By those metrics, it succeeded spectacularly.
But when prevention professionals share this video uncritically, when we praise it as an example of powerful awareness work, we're applying our credibility to an approach that's missing the elements research says matter most. We're conflating brand awareness with behavior change. We're letting emotional impact stand in for actual impact.
I understand why it happens. We're starved for attention to the issues we care about. When something breaks through the noise, we want to celebrate it. We want to believe that if enough people feel something, change will follow.
But feeling isn't doing. And we know that.
The AI Paradox
There's a layer to this campaign that deserves its own examination.
Deutsche Telekom demonstrated exactly how easy it is to create a convincing deepfake of a child using AI. They showed the code running. They showed the face being generated. They proved the threat is real by executing it.
Is that a feature or a bug of this approach?
On one hand, it makes the threat concrete rather than abstract. You can't dismiss it as hypothetical when you're watching it happen.
On the other hand, they did the thing they're warning about. They took a real child's photo and used AI to manipulate it, then broadcast that manipulation to millions of people. The parents consented, presumably. But it's a bit like running an anti-drunk-driving campaign by actually driving drunk through a crowded street and hoping nobody gets hurt.
There's also a timing issue. This campaign is from 2023. The AI tools have only gotten more powerful and more accessible since then. What worked as a shocking demonstration three years ago is now something a teenager could do on their phone in ten minutes. When the scary thing becomes ordinary, where does that leave fear-based approaches?
A Challenge to the Field
The prevention field is facing a choice.
We can keep applauding creative executions that feel impactful in the moment. We can share videos that make us cry and assume that tears translate to behavior change. We can celebrate awareness and hope it's enough.
Or we can hold ourselves and our partners to the evidence we've spent decades building.
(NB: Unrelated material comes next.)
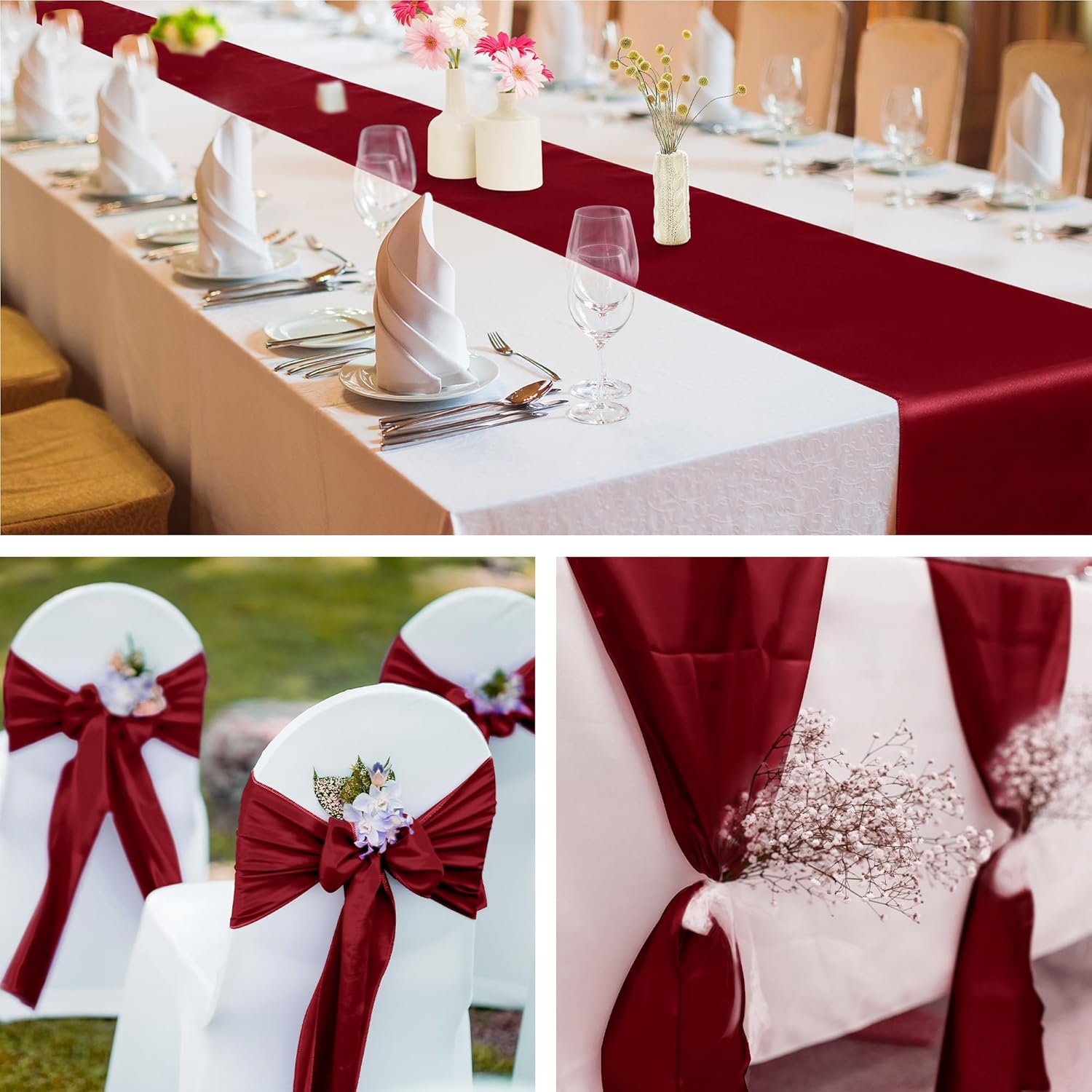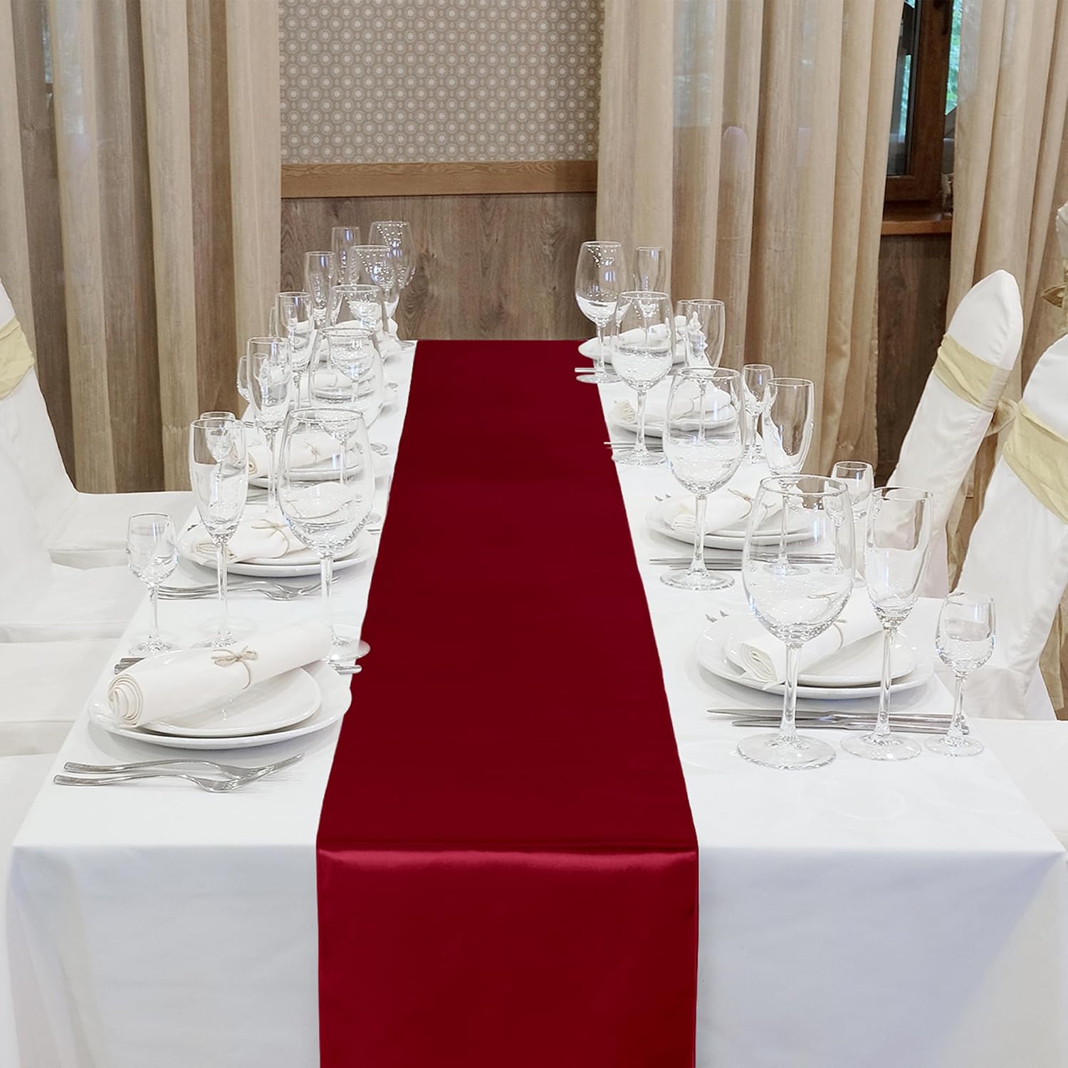 Aneco 16 Pack Satin Table Runner 12 x 108 Inch Burgundy Long Wedding Satin Silk Table Runner for Wedding Banquet Graduations Birthday Party Decoration
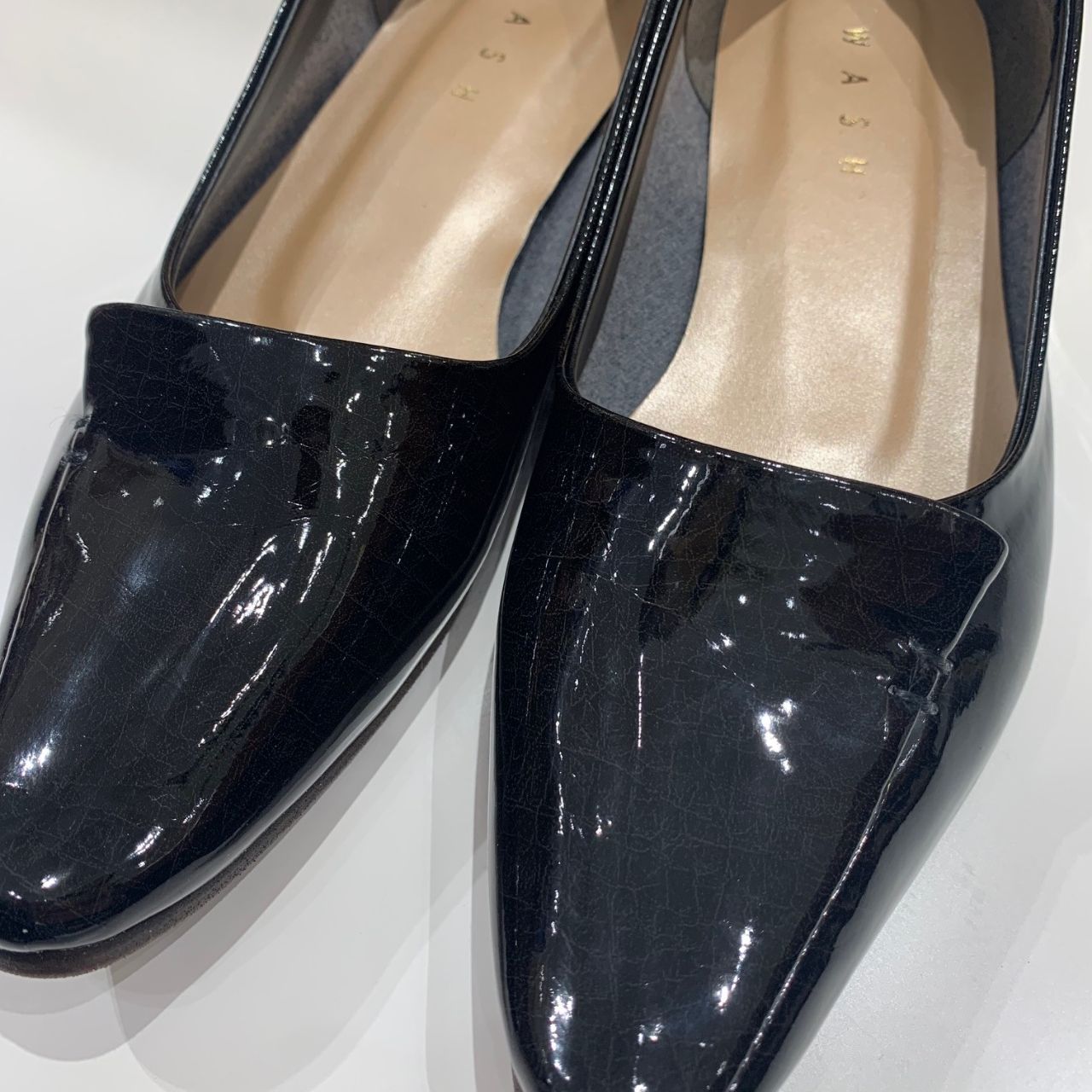 本日はリピーターNO1の人気パンプスからエナメル素材のデザインが

This isn't about being killjoys who can't appreciate powerful storytelling. I appreciate this video. It's genuinely well made. The concept is clever. The execution is polished. It moved me the first time I watched it.
But being moved isn't the goal. The goal is protecting children. And if a fear appeal is missing the elements that make fear appeals work, if it delivers anxiety without efficacy, then we need to say so. Even when the video wins awards. Even when everyone else is praising it.
It's effective at one thing: making you feel something fast.
But, the question isn't whether this video makes you feel something. It's whether it makes anyone do something different, six months from now, when the feeling has faded and the next scary thing has come along.
If you work in prevention, I'd genuinely like to know: Am I being too hard on this? Is there something about digital safety that changes the calculus? Does fear work differently when we're talking to adults about their children?
Or is this a moment for our field to take the lead in this new domain?
Thanks to Jeff Hanley at the Commonwealth Prevention Alliance for his insights.